We want to be clear that 24-month follow-up is an imperfect confirmation criterion. Some true drug-interaction signals take longer than 24 months to reach regulatory action. Some signals are real pharmacologically but are not practically important enough to generate regulatory action. Our false positive estimate is thus conservative — we are calling some true positives "false positives" because they hadn't yet been confirmed at follow-up close.
What the 312-Signal Analysis Doesn't Tell You
We've been careful throughout our internal review to identify what this analysis can't support as conclusions:
It doesn't generalize to all therapeutic areas equally. The validation set is disproportionately drawn from cardiovascular, oncology, and infectious disease drugs — the areas with highest FAERS report volume. Whether the lead time advantage holds in lower-volume areas like rare disease or pediatric neurology is an open question we can't answer with this data.
It doesn't account for the signal assessment burden. Earlier detection only translates to better patient safety outcomes if the PV team has the capacity to act on signals that are flagged earlier. If quarterly review bandwidth is the bottleneck — and for many smaller PV teams it is — detecting signals 91 days sooner only helps if you can also assess them 91 days sooner. This is an organizational question, not a technical one.
It doesn't measure clinical outcome improvement directly. We are measuring time-to-detection, not time-to-label-change or reduction in adverse event incidence. Those downstream outcomes depend on many factors beyond signal detection — regulatory review timelines, labeling negotiation, prescriber behavior change — that are outside the scope of what we were testing.
Why We Published This Internally Before Building Into the Product
One of the things we spent considerable time on early in building TrialVyx was deciding whether to treat our validation methodology as a marketing claim or as a scientific question. The difference matters: a marketing claim gets shaped to look as favorable as possible; a scientific question gets examined for the ways it might be wrong.
We ran the analysis with the intention of publishing the methodology and the limitations alongside the headline number. If the lead time advantage turned out to be smaller than we expected, or concentrated in areas that matter less, that would be important to know before building a product around it — and before asking PV teams to change their workflows based on it.

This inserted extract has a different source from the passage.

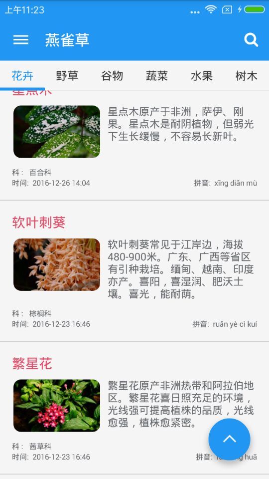 燕雀草app是一款能够带你认识各种植物的手机软件,该软件为用户提供了各色植物的习性、生长环境、中药特性等内容,还会将植物从开花到结果的过程直观的呈现给大家,让您可以增涨见识。

The 91-day number held up under scrutiny. The distribution pattern was consistent with our mechanistic hypotheses about where graph analysis should and shouldn't outperform pairwise methods. The false positive cost was smaller than we feared. But the appropriate epistemic posture is still "promising retrospective result that deserves prospective validation," not "proven 3-month advantage." That distinction matters for how PV teams should weight this evidence when making decisions about their signal detection workflows.
We are actively working with early-access teams to design prospective validation protocols. That data will look different from retrospective analysis in ways we don't fully anticipate yet, and we expect to revise our understanding of where the real lead time gains are when it comes in.